You may also have a sort of super-project that ties the other projects together. These make great candidates as a starting point for the root of your monorepo. You can weave the other projects into this one.
The structure you pick primarily influences discoverability. It matters less for day-to-day use if you have well-named files that can be opened with a fuzzy finder. See if the structure makes sense to someone who doesn’t know as much about your projects. Check it with someone who used the old projects a lot and will now be using the monorepo as well.
All this said, feel free to experiment on your own for a bit. Just be careful not to push or share out your work until you’re confident nobody will start building on top of it. Making changes after the fact is possible but risks muddying the carefully-imported history you’re curating now.
Importing Branches from Other Repositories
Gather the following items:
- The Git remote URLs for the projects you want to import
- The main branch name for each project you want to import
- Where you want to put each imported project (a folder, or right in the root)
The heavy lifting will be done by git-filter-repo. You can install it from Homebrew.
To make things even easier, I’ve written a script called import-branch. All it takes are the three things I asked you to gather earlier.
$ ./import-branch firstname.lastname@example.org:example/widget-api main api
This will pull down the “main” branch of an imaginary “widget-api” repository and merge it into the working branch in your current project, rewriting commits as necessary to put files in their new “api” folder location as if they’d always been there. It’ll also clean up after itself, even if the merge itself fails.

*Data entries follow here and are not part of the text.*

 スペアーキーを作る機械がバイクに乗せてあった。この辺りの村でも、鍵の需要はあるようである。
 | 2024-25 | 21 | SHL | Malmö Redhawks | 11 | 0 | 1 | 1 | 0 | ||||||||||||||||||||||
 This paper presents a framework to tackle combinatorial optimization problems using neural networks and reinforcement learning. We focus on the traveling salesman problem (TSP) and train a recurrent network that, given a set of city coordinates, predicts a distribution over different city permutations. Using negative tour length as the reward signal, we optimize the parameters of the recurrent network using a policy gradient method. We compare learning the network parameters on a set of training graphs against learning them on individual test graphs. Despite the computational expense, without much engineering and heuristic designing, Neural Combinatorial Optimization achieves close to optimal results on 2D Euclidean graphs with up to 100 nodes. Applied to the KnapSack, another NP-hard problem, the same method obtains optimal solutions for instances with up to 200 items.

Play with this step until you’ve got it just the way you want it. Remember — you’re merging things into your local working copy right up until the moment you push it up and share it with others. This is the time to make sure you’re happy.

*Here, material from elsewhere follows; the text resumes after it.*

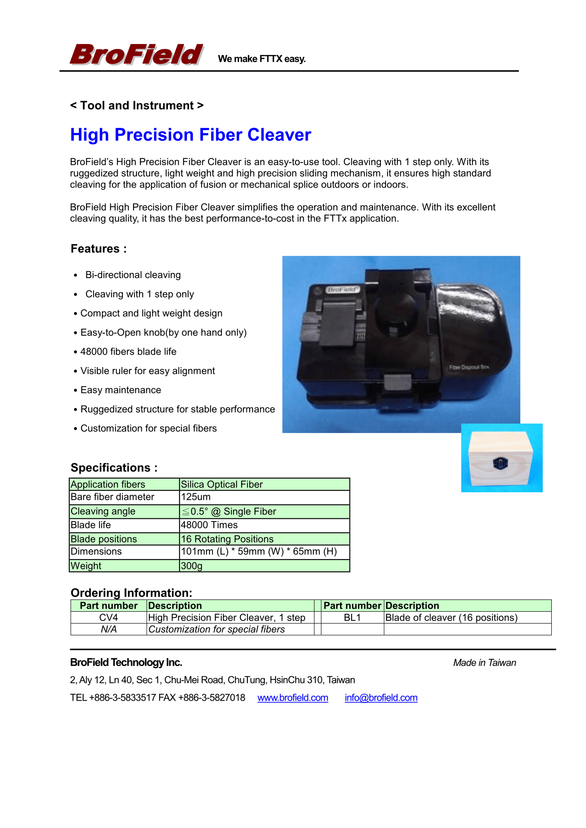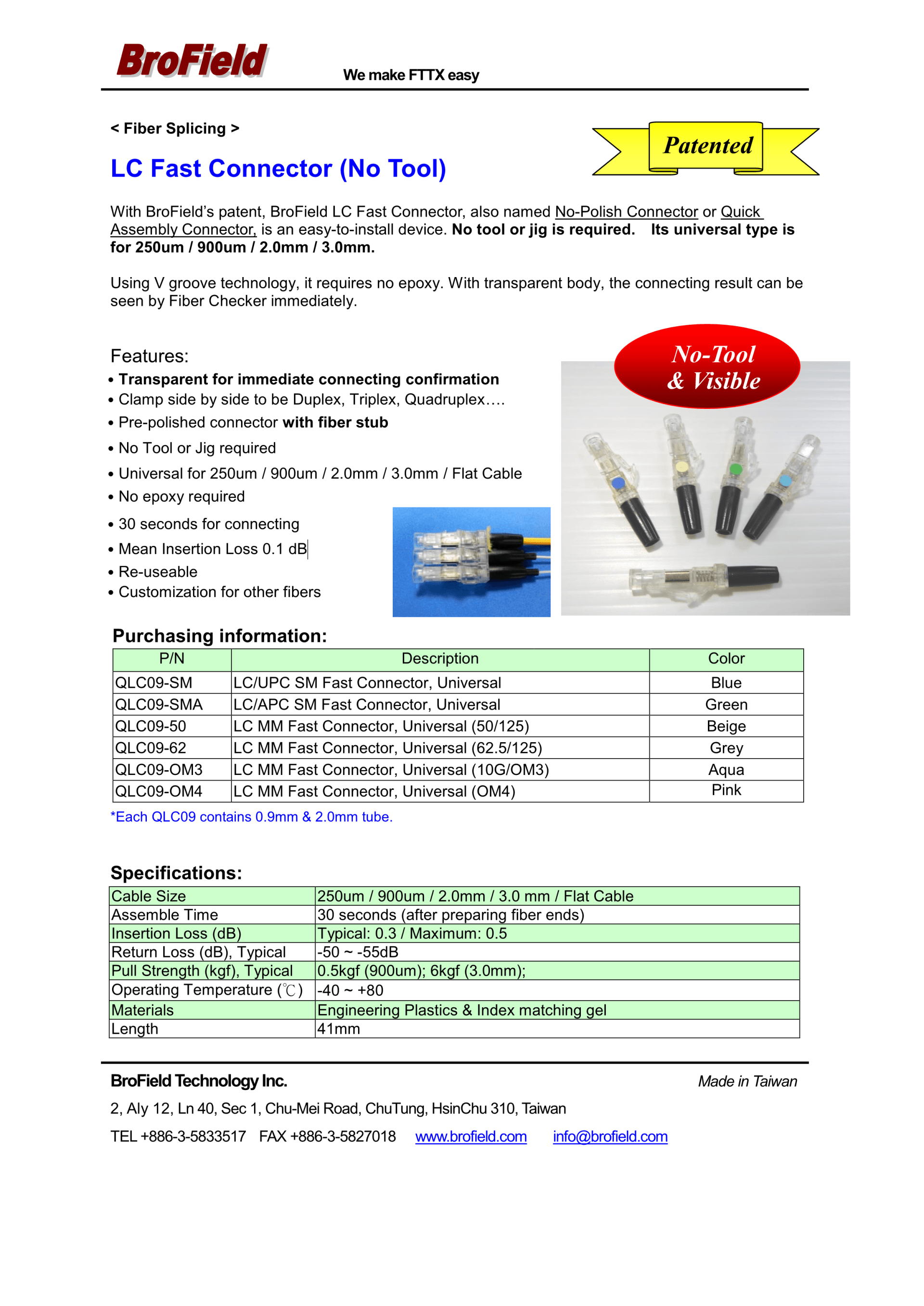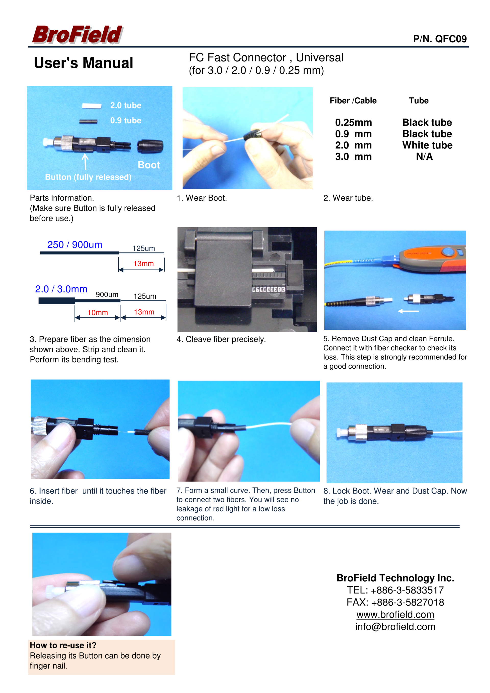 The patented BroField Fiber Fast Connector is designed to connect any fiber ranging from 250um/900um or Cables. It is a fast and easy-to-use solution for both outdoor plant and indoor installation.

If you’re not happy with the way one import went, it’s not difficult to back up (in your local working copy, of course) and try again:
$ git reset --hard HEAD~1
This command will reset your working copy to the last commit, immediately before the merge. Since it’s a merge commit, it’ll also remove everything you imported, so you can try again.
Note: This is a great command for this use case, but don’t use it indiscriminately! You can easily throw away important history if you’re not careful.
Weaving Everything Together
Bringing in commits isn’t all you’ll have to do, of course. You’ll also need to make sure your new monorepo functions properly.
- You will probably want to put together a Docker Compose file that launches every service together for development and testing.
- Tools included in each project may work fine, or they may need to be changed. Tools that every project has (such as a deploy tool) should be refactored to minimize duplication, if possible.
- If you have any kind of infrastructure-as-code setup (for example, using Terraform), consider setting it up so everything can be provisioned in one run.
When I last did this, I took these integration steps whenever I pulled in a new project, slowly building up the Docker Compose file and investigating deployment needs.
You can also do it all at once at the end if that works best; but, whatever you do, make sure you share something that works with your team! A shiny, new, but broken monorepo won’t make anyone’s day.
Once the monorepo is up and running, you can archive the old projects — for example, by replacing the README with a pointer to the monorepo.
There may be a period when you’re maintaining old repos and the monorepo at the same time. Keep this time as narrow as possible to reduce confusion. But import-branch has your back, too, if you need to keep pulling changes from the old projects for a bit, until you’re ready.
If you run it again exactly as before, it’ll bring in just new changes from the old repos, if there are any. If there aren’t, it’ll leave everything untouched.
I created an “import-all” script for this transitional period that runs import-branch once for each repository to check. It’s a short-term hack, but it’ll keep everything in sync until we’re ready to switch.